Tja, auch auf den Kapverden springen einem die Marline nicht reihenweise ins Boot. Es ist ein großes Seegebiet und es ist nicht immer leicht, zur richtigen Zeit am richtigen Platz mit dem richtigen Köder zu fischen.
Auch wenn also vielleicht unsere Erwartungen (oder besser Hoffnungen), die durch die Fangberichte der Vorwochen natürlich kräftig nach oben manipuliert wurden, durch unsere Fänge der Anzahl nach nicht ganz erfüllt werden konnten, so bleibt zum einen trotzdem eine Reise mit vielen tollen Eindrücken und bleibenden Erinnerungen - 5 Blue Marlin dieser Größe in 6 Tagen fängt man auch nicht überall - und zum anderen eine weitere Bestätigung für die eigentlich schon bekannte Tatsache: „That´s why it is called fishing and not catching“


----------



## Sailfisch (13. Juni 2011)

*AW: Kapverden Mai 2011 letzter Aufzug*

Hallo Mark-Uwe!

Schöner Bericht mit netten Impressionen. #6

Fünf Marline in Sechs Tagen sind doch ein gutes Ergebnis.
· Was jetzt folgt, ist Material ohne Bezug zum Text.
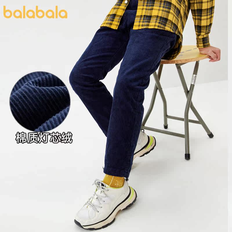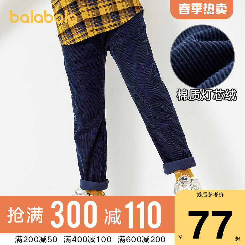 巴拉巴拉 Штаны для мальчиков, вельветовые детские джинсы с начесом, пуховик, коллекция 2021
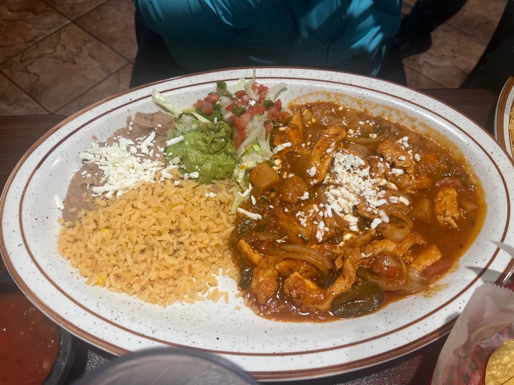 Grilled chicken cooked in our house ranchero sauce. Served with Rice and beans

Klar, die Erwartungshaltung lässt sich unbegrenzt nach oben schrauben, mit dem Ergebnis, dass man die Erwartungen gar nicht mehr erfüllen kann. 
Hauptsache Du hattest eine schöne Zeit, in der Du vom Alltagsstress abschalten konntest. Zumindest als es kein Handyempfang gab und Strom nur von 18-22 Uhr zur Verfügung stand, sollte dies gelungen sein. :m


----------



## guifri (14. Juni 2011)

*AW: Kapverden Mai 2011 letzter Aufzug*

Super Bericht. Danke.

Ich glaube, ich muss mich da demnächst mal etwas schlauer machen zwecks Orga von so einer Reise. Darf dich dann per pn kontaktieren und Nachfragen?


----------



## ThomasL (14. Juni 2011)

*AW: Kapverden Mai 2011 letzter Aufzug*

super Bericht und schöne Bilder#6

muss unbedingt auch wieder mal auf die Kapverden...


----------



## FalkenFisch (15. Juni 2011)

*AW: Kapverden Mai 2011 letzter Aufzug*



guifri schrieb:


> Super Bericht. Danke.
> 
> Ich glaube, ich muss mich da demnächst mal etwas schlauer machen zwecks Orga von so einer Reise. Darf dich dann per pn kontaktieren und Nachfragen?


 

you are welcome :m


----------



## Dogtoothtuna (2. Juli 2011)

*AW: Kapverden Mai 2011 letzter Aufzug*

Hi FalkenFisch !

Sehr schöner Bericht mit tollen Bildern! Da fängt das Salzwasser im Blut wieder an zu kochen. Sind die Tage von Tobago zurück gekommen, haben dort eine gute Fischerei erlebt.

Daumen hoch zum Bericht, danke.

Dog...


----------



## jvonzun (5. Juli 2011)

*AW: Kapverden Mai 2011 letzter Aufzug*

Traumhafter Bericht mit super Bildern,herzlichen dank!

Irgendwann schaffe ich es hoffentlich auch noch dorthin!!!
Gruss Jon


----------